Commentary – Some Verses of Advice on Oil Price
I have never heard an oil executive recite poetry in a board meeting. But that’s not to say it hasn’t happened. Nor does it suggest that wise words can’t come from literature.
Samuel Dodd wasn’t known to be a great bard, but the American oil pioneer has been credited with inking the first poem about life on the rigs. His verses from 1860 speak to the struggle of making money in an always-unpredictable business. Dodd’s eerie words are familiar and any oil company chairman today could lead the board agenda with a few lines like:
The engine stands all idle now,
The heavy auger beats no more,
And must a well of so great cost,
Be given up and wholly lost?
Today’s circumstances have a Doddsian feel; the industry is caught in a price war, a siege battle where wells of so great cost are being given up and wholly lost. Rigs across the continent are idling their engines, pulling up their drill bits, and laying down their masts. Last week 84 more US oil rigs silenced their beat, taking the active oil rig count to 34% below the 2014 highs.
John J. McLaurin, oil historian and author of the classic book, Sketches in Crude Oil, published Dodd’s poem in 1896, during a period of brutal volatility in oil prices; fluctuating from $0.60/B to $1.40/B. McLaurin’s contemporary description of the late 19th century oil business resonates in today’s market: a downturn in demand due to economic slowdown; a surge in global supply; and a handful of powerful competitors vying for lucrative market share. Some people equate the 2014 price crash with 2009. Actually, it’s more reminiscent of the 1890s.
The characters in today’s oil price drama are royal families in the Middle East, entrepreneurs in the United States and oligarchs in Russia. Oil was also a family affair in the late 19th century; the rivals were the Rockefellers, the Rothschilds and the Nobels. The latter two European families were investing in Russian oil production and distribution, while the Rockefellers upheld American interests.
Oil was commercialized in Canada and the US in the late 1850s, but by 1885 the entire North American industry was under siege. Half way around the world, in Tsarist Russia explorers drilled for oil in Baku, around the shores of the Caspian Sea. Some of the finest oil-bearing geology in the world was brought to market.

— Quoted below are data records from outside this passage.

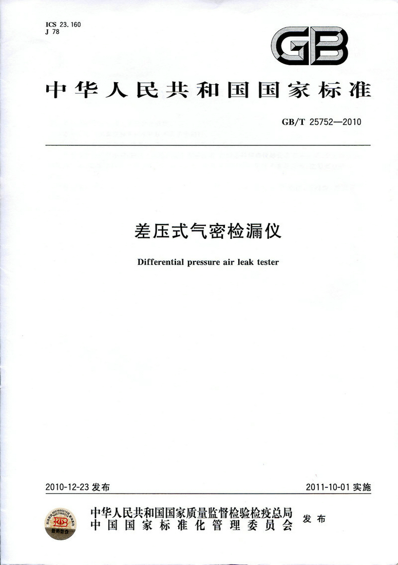 《差壓式氣密檢漏儀》GB/T 25752—2010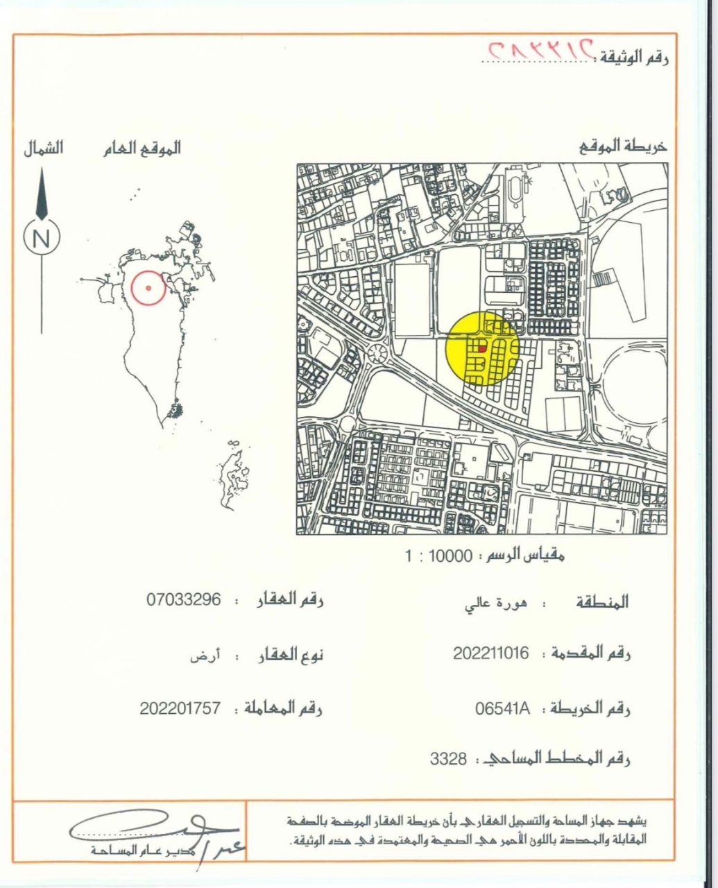 أرض سكنية للبيع في هورة عالي بتصنيف RA (سكن خاص - أ) تقع على شارعين (زاوية). مساحة أرض 338.6 متر مربع, بسعر 32.00د.ب لكل قدم مربع , السعر الإجمالي 116,630.080د.ب
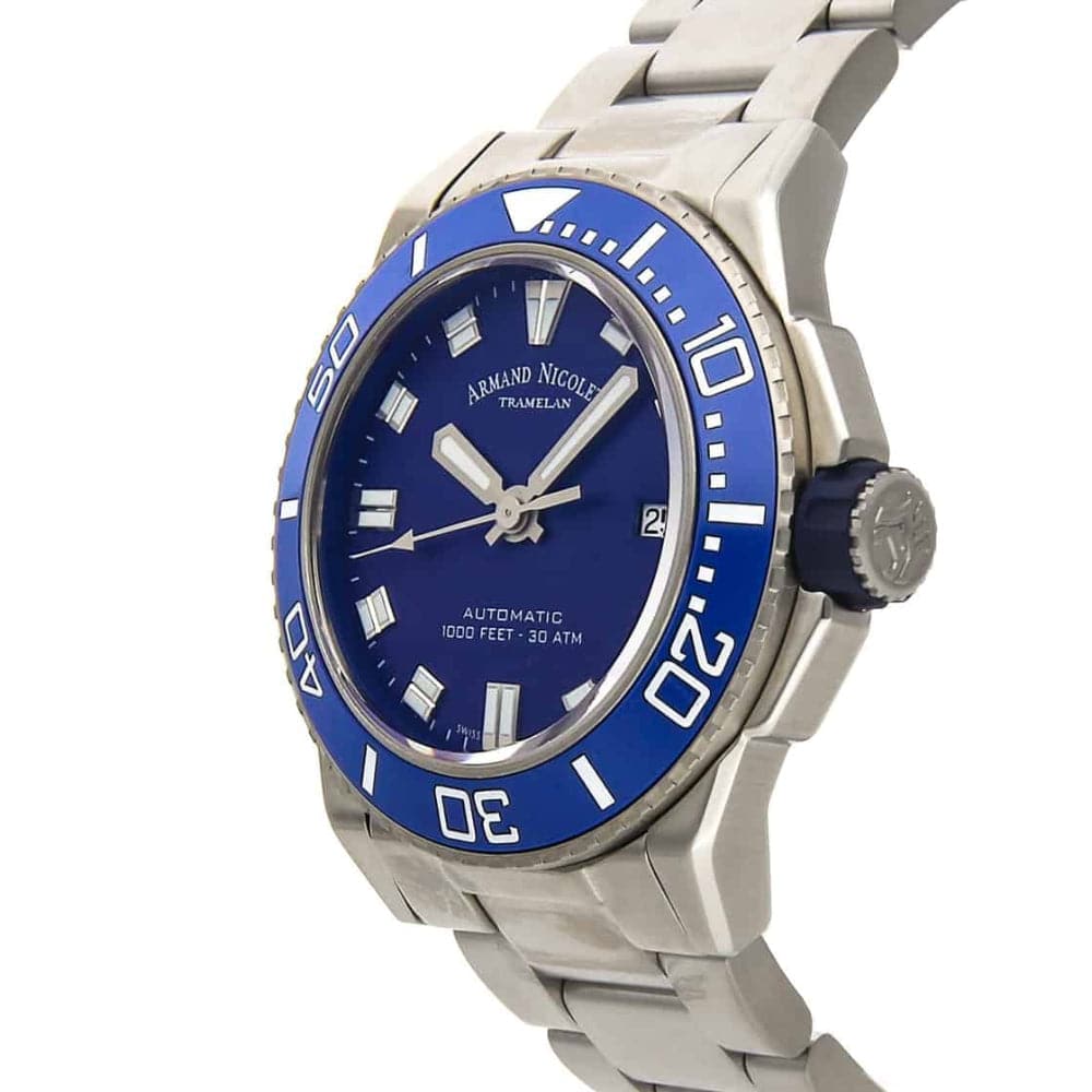 Calibre AN200 for Date (based on ETA 2824-2 modified per Armand Nicolet’s specifications). Dial with luminous indexes and hands. Case with antiglare treated sapphire crystal. Screwed back. Turning black ceramic bezel.

Sweden’s Ludvig and Robert Nobel backed investment in oil wells, refineries and distribution — allowing Russian oil to reach Europe. And, the Rothschilds of France spent nearly $10 million to complete a railroad from Baku to Batumi on the Black Sea — a supply line that pitted Russian oil against US exports. Within six years of Russia’s oil discoveries, America’s global market share fell from roughly 85% to close to 50%. At the time, the Russians had clear competitive advantages over the US, including prolific production and better access to both European and Asian markets. American wells of “so great cost” were succumbing to competitive pressures during this full-on price war for global market share. But the battle did turn. “Russian competition, the extent and danger of which most people do not begin to appreciate,” noted McLaurin in 1896, “was met and overcome by sheer tenacity and superior generalship.”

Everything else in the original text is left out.